Pretty much all countries require companies to offer paid maternity leave to new mothers — all countries except, of course, for the United States.

(BBC)

So new moms in the United States don’t take off much time at all: About a quarter return to work within two weeks of giving birth, a new analysis of data by Abt Associates shows.

Abt Associates worked with In These Times to look at a Department of Labor survey of when new moms return to work. Here’s what they found:

Abt went back to a 2012 survey it conducted for the Department of Labor of 2,852 employees who had taken family or medical leave in the last year, looking specifically at the 93 women who took time off work to care for a new baby.

Nearly 12 percent of those women took off only a week or less. Another 11 percent took between one and two weeks off. That means that about 23 percent—nearly 1 in 4—of the women interviewed were back at work within two weeks of having a child.

Access to longer leave time appears to be a luxury good. As Sharon Lerner writes, "80 percent of college graduates took at least six weeks off to care for a new baby, but only 54 percent of women without college degrees did so."

This is how maternity leave works in a country that has no guarantee of time off: It goes to the women who have higher-income jobs with better benefit packages, or those who can afford to forgo income for a number of weeks or months. Low-income women have little option but to return to work quickly, an option that every other country in the world deems unacceptable.

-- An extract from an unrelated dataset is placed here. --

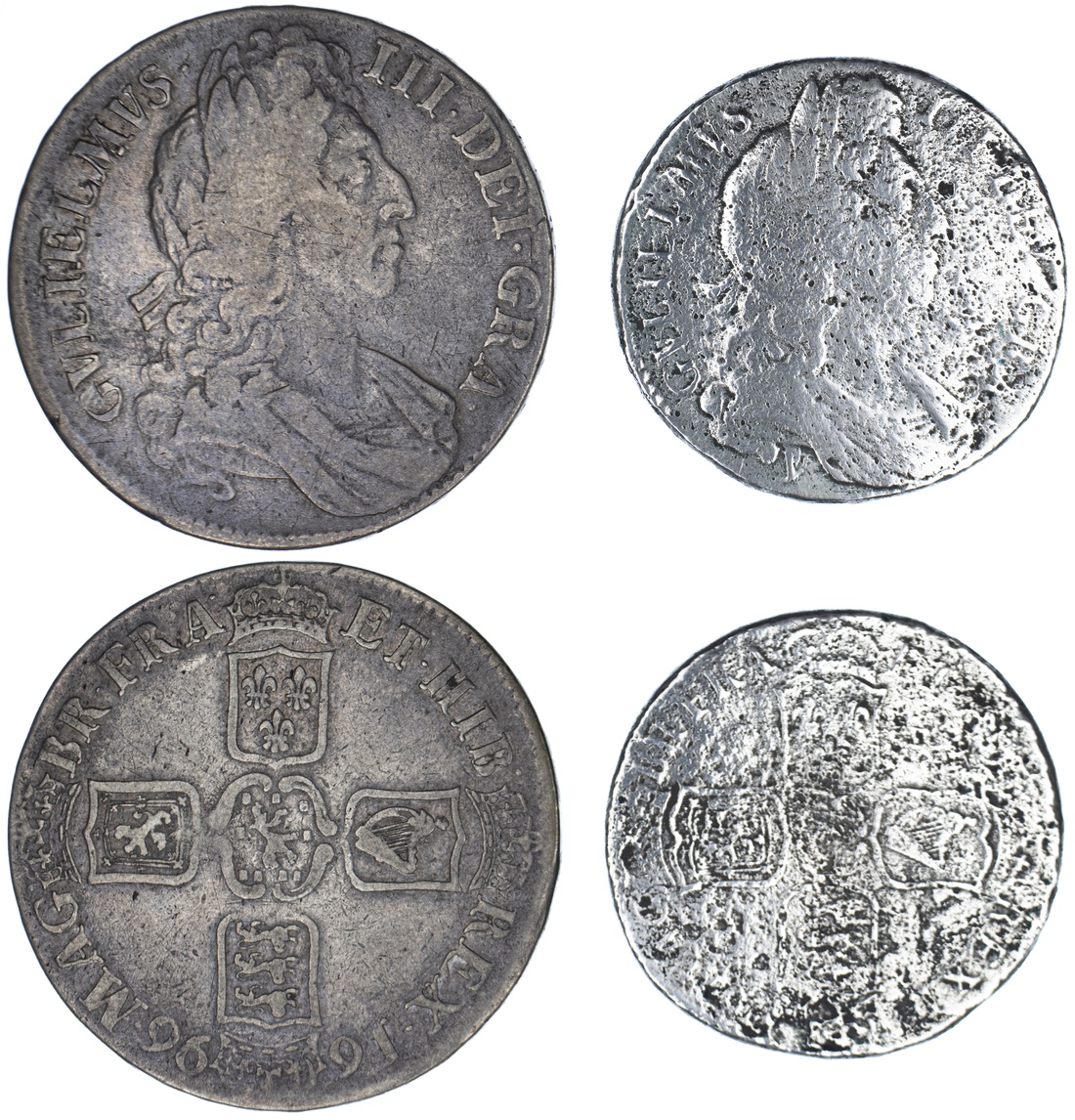 William III Solus (1694-1702), Crown, 1696 OCTAVO, third laureate and draped bust right, rev. crowned cruciform shields, seven strings to harp, downwards lettered edge, 6h, 29.70g (ESC 94; Bull 1004; Spink 3472), bagmarked and mostly flat to the devices, fine; Halfcrown, date illegible [1696 or 1697], laureate and draped bust right, rev. crowned large shields, with seven strings to early harp, 6h, 12.67g (Spink 3481), cleaned and with heavily pitted surfaces, likely from water erosion, fair (2)

What it’s like to go back to work days after giving birth

Lerner’s piece is worth reading in full, and you can do so here. This particular anecdote jumped out at me in underscoring what it’s like for the quarter of women who return to work quickly. Lerner writes about Natasha Long, who went back to her factory job shortly after her son Jayden’s birth. She would get up at 4 am to pump breast milk before work — and sneak out to pump again on breaks, in her car in the parking lot.

After just a few days of this crazed schedule, Long began to develop strange symptoms, including a headache that never seemed to go away and a choking sensation that left her feeling breathless. She started biting her fingernails to the quick—something she’d never done before—and crying a lot. “I felt like I was alone,” says Long. “I wanted to fall off the face of the earth.” Long had never been depressed. But when she went to the doctor, he surmised that her physical symptoms were rooted in her mental state, which was itself rooted in her schedule. When her doctor said he thought she was depressed, Long worried that if child welfare authorities found out, they might take her children away. She had seen other people’s children put in foster care. But when her doctor prescribed her antidepressants, she took them.

It’s not just moms who suffer. Kids suffer, too.

Economists have looked at the relationship between maternity leave policies and children’s well-being — and they find, perhaps somewhat unsurprisingly, that kids raised in countries that guarantee more time off have better health outcomes.

One 1995 study found that every extra week in guaranteed maternity leave correlated with a 2 to 3 percent decline in infant deaths. Separate research elsewhere found similar results.

And this makes pretty intuitive sense: Mothers with paid leave have more time to care for their children, giving additional time to invest in a newborn’s well-being.

The divide between rich moms and poor moms — those who do get maternity leave and those who don’t — is an example of a situation in which economic inequality leads to unequal opportunities for the next generation. Kids born to moms without paid maternity leave are getting a worse shot at life, simply because of a benefit that their parent’s employer declines to offer.